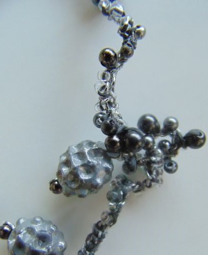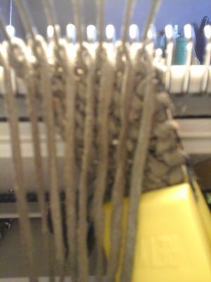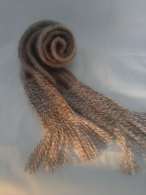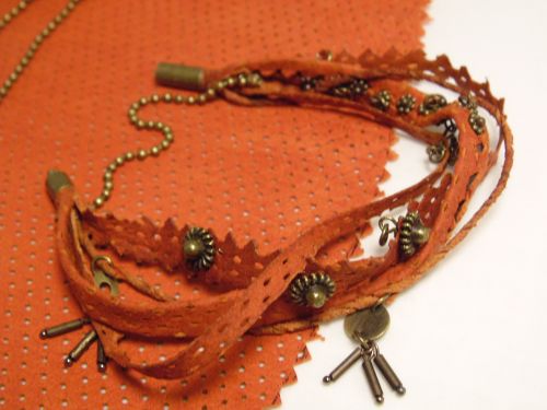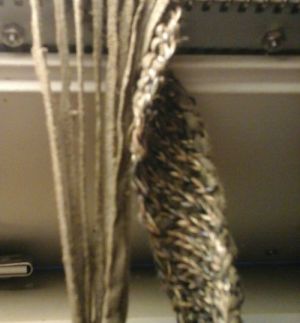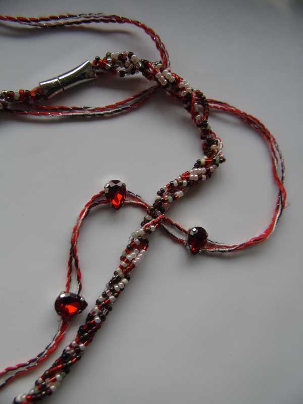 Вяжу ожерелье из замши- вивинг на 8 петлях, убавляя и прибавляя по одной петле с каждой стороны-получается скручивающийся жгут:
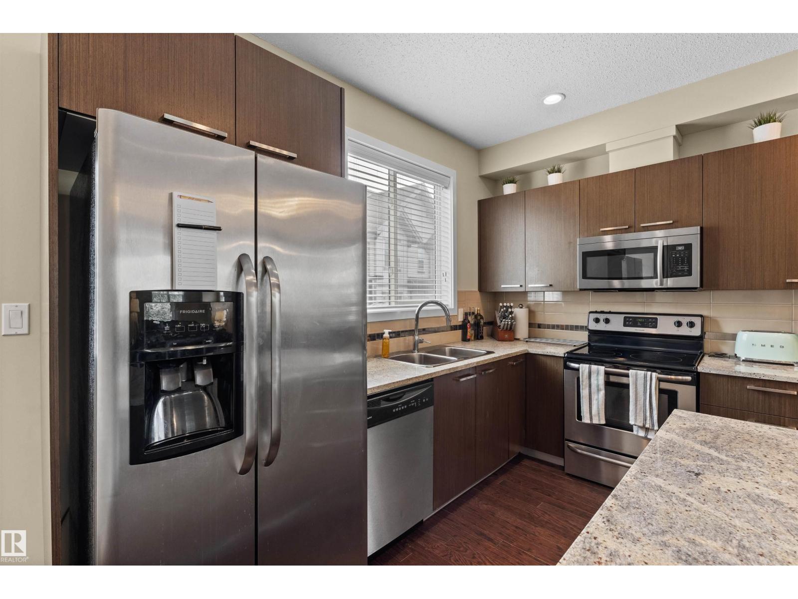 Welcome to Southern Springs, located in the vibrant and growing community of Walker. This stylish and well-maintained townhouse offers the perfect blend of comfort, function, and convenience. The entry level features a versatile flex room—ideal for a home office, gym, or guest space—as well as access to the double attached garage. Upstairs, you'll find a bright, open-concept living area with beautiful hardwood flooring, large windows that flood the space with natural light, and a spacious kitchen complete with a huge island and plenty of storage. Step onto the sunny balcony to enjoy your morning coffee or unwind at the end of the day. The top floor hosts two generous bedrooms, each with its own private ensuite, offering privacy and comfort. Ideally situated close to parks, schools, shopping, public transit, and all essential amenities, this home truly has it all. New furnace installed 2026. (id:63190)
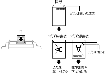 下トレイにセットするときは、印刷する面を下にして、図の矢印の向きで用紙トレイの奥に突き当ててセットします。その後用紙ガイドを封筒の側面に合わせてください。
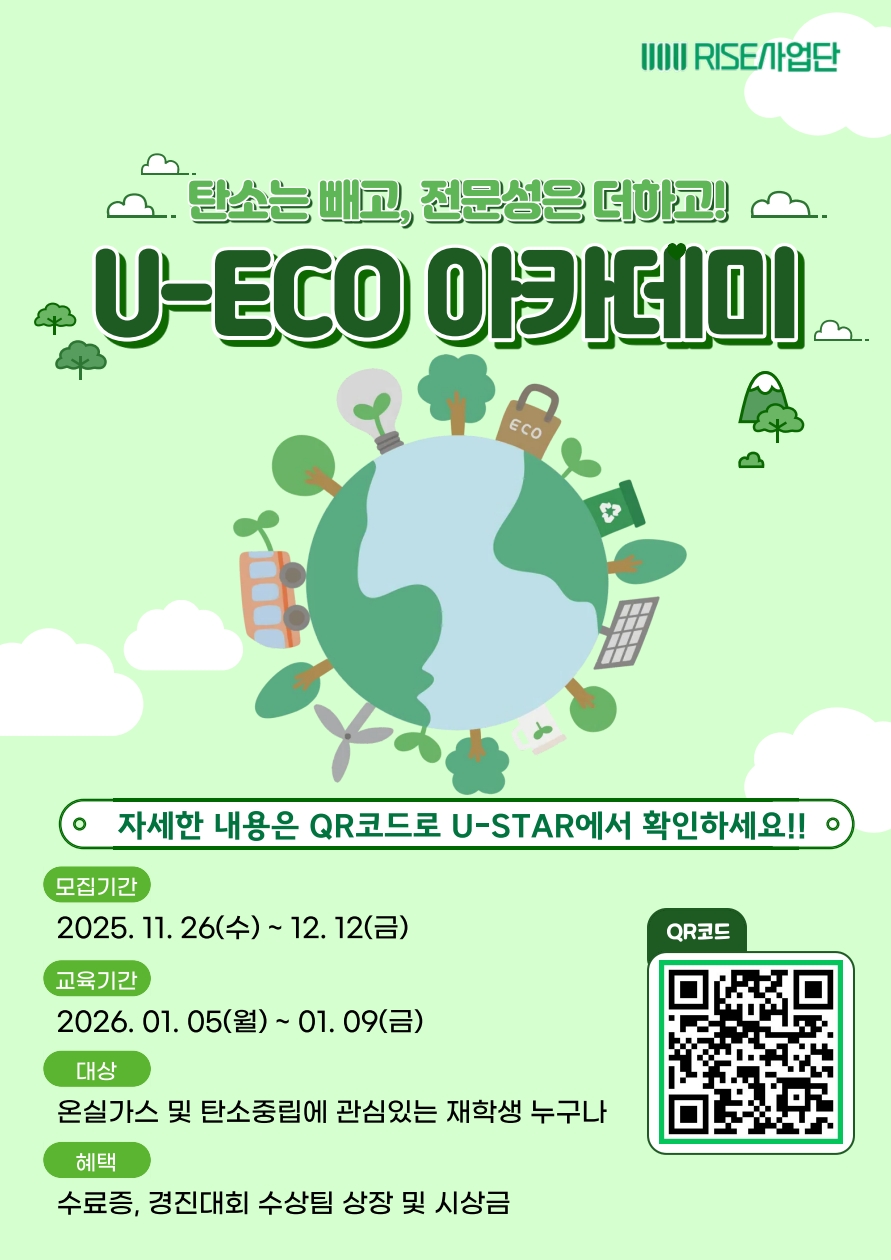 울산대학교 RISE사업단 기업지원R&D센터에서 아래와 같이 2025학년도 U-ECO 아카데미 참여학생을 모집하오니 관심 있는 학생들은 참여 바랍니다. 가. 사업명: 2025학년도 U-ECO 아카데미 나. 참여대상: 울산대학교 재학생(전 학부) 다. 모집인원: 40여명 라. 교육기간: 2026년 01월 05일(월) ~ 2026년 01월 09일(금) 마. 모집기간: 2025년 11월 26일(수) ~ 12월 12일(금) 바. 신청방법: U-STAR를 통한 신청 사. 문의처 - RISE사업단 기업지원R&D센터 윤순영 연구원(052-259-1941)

-=-=-

(INSTRUCTIONS FOR THE TASK) Word for word, print the material above, but without its pictures.

(EXERCISE RESPONSE)
 Вяжу ожерелье из замши- вивинг на 8 петлях, убавляя и прибавляя по одной петле с каждой стороны-получается скручивающийся жгут:
 Welcome to Southern Springs, located in the vibrant and growing community of Walker. This stylish and well-maintained townhouse offers the perfect blend of comfort, function, and convenience. The entry level features a versatile flex room—ideal for a home office, gym, or guest space—as well as access to the double attached garage. Upstairs, you'll find a bright, open-concept living area with beautiful hardwood flooring, large windows that flood the space with natural light, and a spacious kitchen complete with a huge island and plenty of storage. Step onto the sunny balcony to enjoy your morning coffee or unwind at the end of the day. The top floor hosts two generous bedrooms, each with its own private ensuite, offering privacy and comfort. Ideally situated close to parks, schools, shopping, public transit, and all essential amenities, this home truly has it all. New furnace installed 2026. (id:63190)
 下トレイにセットするときは、印刷する面を下にして、図の矢印の向きで用紙トレイの奥に突き当ててセットします。その後用紙ガイドを封筒の側面に合わせてください。
 울산대학교 RISE사업단 기업지원R&D센터에서 아래와 같이 2025학년도 U-ECO 아카데미 참여학생을 모집하오니 관심 있는 학생들은 참여 바랍니다. 가. 사업명: 2025학년도 U-ECO 아카데미 나. 참여대상: 울산대학교 재학생(전 학부) 다. 모집인원: 40여명 라. 교육기간: 2026년 01월 05일(월) ~ 2026년 01월 09일(금) 마. 모집기간: 2025년 11월 26일(수) ~ 12월 12일(금) 바. 신청방법: U-STAR를 통한 신청 사. 문의처 - RISE사업단 기업지원R&D센터 윤순영 연구원(052-259-1941)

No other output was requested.